Today's deficits are not a big problem--they're imprudently high, but they're not the problem, because they're not even as high as the deficits used to be as a percentage of the economy in the 1980s. The problem is not today; the problem is where we're headed--because we're headed for a tsunami of spending that could swamp the ship of state like nothing we've ever seen before.

Q: Former Federal Reserve Chairman Alan Greenspan raised eyebrows recently with his pronouncement that there's at least a 1-in-3 chance of recession in 2007. Does GAO have an outlook for the economy and the chances of recession in 2007-2008? How, if at all, would slower economic growth in the here and now impact your forward-looking, long-term scenario?

A: Part of the problem is that we're running very large deficits at a time where we have relatively strong economic growth. We haven't been in a recession since November of 2001.

Obviously, if one was to go [into] a recession--and I'm not predicting that--that's not the time you're going to cut back on government spending; that's not the time you're going to end up raising taxes.

As a result, these are the good times. Six years ago, we were running surpluses and we were projected to have fiscal sustainability for 40-plus years. Today, we're running deficits, and the model that does the long-range simulation crashes at about 40 years.

So our situation has deteriorated dramatically in recent years because all the budget controls have expired, we've expanded entitlement programs through Medicare prescription drugs [and] we haven't placed the spending controls on the other entitlement programs that were intended to be placed on Medicare, for example.

We've increased spending dramatically--a lot of which is not related to the global war on terrorism, but some is--and we've engaged in significant tax cuts. The combination of all of those have taken us from surpluses and fiscal sustainability for 40-plus years to deficits and clear fiscal unsustainably and increasing vulnerability as time passes.

Q: With your many lectures, town meetings, media interviews and your general outspokenness on this issue, you've said you hope to make it a presidential campaign issue and to raise public awareness in the hope of spurring corrective action. Do you sense that you are gaining traction?

A: Yes. Due to the efforts of myself and many others, there are hopeful signs that we're making some progress. Three years ago, the administration said "Deficits don't matter."

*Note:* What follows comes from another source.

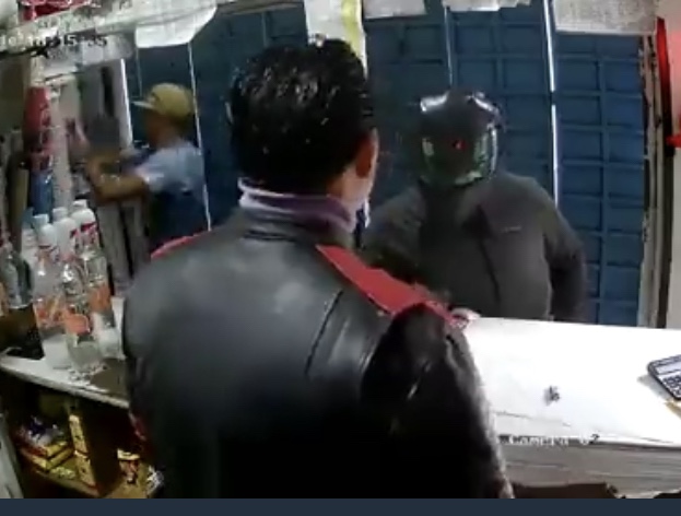 El periodista Antonio Nieto, difundió en Twitter las imágenes en donde se observa a un sujeto de casco negro, quien amenaza al trabajador con el pago de “derecho piso”, quien de no hacerlo le quemarían el local.

Now they say, "Deficits matter, we need to balance the budget within five years, we need to make a significant down payment on our $50 trillion imbalance and we need to figure out the way forward."

On Capitol Hill, there's increasing concern about our long-range fiscal outlook. A number of proposals [have been put forward] about potential commissions in order to try to set the table for some choices. Furthermore, there's more media interest in the issue.

Q: Given the audience that will be reading this interview, is there any specific action that you feel that lenders or the mortgage industry could be taking to help raise the public profile of this issue and/or to spur corrective action by leaders and policy-makers?

A: In the early 1990s, when we faced serious fiscal challenges, the business community was actively engaged in trying to help make sure that elected officials took steps to help deal with our large and growing fiscal challenge.

Unfortunately, the business community has largely been missing in action in recent years, and that has to change.

Charles Wisniowski is a correspondent for Mortgage Banking.